* **Directions for this task**: Search the records for the string "cerkve" and copy every line in which it appears.

*** Opening of Data to use ***

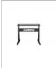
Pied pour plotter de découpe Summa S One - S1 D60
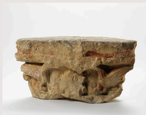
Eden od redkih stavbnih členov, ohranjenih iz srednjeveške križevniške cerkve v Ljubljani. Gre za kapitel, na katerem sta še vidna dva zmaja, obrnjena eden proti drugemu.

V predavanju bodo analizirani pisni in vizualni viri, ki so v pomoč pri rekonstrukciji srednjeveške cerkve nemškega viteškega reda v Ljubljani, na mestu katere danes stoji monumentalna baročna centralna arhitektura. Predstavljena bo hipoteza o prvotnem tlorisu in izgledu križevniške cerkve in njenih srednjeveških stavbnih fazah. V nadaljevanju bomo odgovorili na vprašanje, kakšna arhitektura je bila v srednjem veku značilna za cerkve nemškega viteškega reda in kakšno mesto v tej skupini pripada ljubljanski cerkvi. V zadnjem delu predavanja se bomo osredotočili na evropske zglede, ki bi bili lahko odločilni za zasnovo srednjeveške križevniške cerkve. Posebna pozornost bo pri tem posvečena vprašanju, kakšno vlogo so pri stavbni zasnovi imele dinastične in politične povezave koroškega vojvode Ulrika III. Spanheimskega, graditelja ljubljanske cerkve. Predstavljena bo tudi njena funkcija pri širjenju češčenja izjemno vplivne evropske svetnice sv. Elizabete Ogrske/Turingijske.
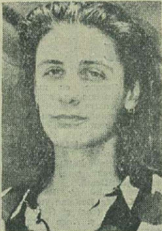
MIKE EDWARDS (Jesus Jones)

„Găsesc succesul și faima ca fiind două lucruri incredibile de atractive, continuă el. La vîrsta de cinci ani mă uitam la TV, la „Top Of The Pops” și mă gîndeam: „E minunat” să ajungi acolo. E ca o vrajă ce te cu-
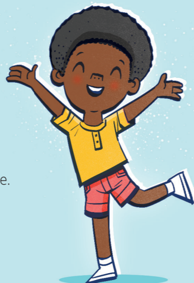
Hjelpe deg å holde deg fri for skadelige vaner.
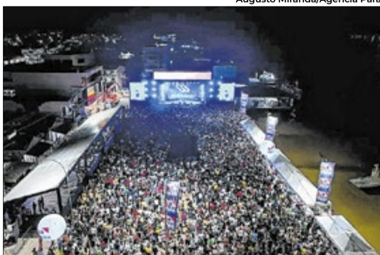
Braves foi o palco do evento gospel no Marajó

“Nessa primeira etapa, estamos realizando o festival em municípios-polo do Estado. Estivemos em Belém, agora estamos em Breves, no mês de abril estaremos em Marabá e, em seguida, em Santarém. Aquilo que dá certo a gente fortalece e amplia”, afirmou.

*** Close of Data to use ***

* **Response below**:
Eden od redkih stavbnih členov, ohranjenih iz srednjeveške križevniške cerkve v Ljubljani. Gre za kapitel, na katerem sta še vidna dva zmaja, obrnjena eden proti drugemu.
V predavanju bodo analizirani pisni in vizualni viri, ki so v pomoč pri rekonstrukciji srednjeveške cerkve nemškega viteškega reda v Ljubljani, na mestu katere danes stoji monumentalna baročna centralna arhitektura. Predstavljena bo hipoteza o prvotnem tlorisu in izgledu križevniške cerkve in njenih srednjeveških stavbnih fazah. V nadaljevanju bomo odgovorili na vprašanje, kakšna arhitektura je bila v srednjem veku značilna za cerkve nemškega viteškega reda in kakšno mesto v tej skupini pripada ljubljanski cerkvi. V zadnjem delu predavanja se bomo osredotočili na evropske zglede, ki bi bili lahko odločilni za zasnovo srednjeveške križevniške cerkve. Posebna pozornost bo pri tem posvečena vprašanju, kakšno vlogo so pri stavbni zasnovi imele dinastične in politične povezave koroškega vojvode Ulrika III. Spanheimskega, graditelja ljubljanske cerkve. Predstavljena bo tudi njena funkcija pri širjenju češčenja izjemno vplivne evropske svetnice sv. Elizabete Ogrske/Turingijske.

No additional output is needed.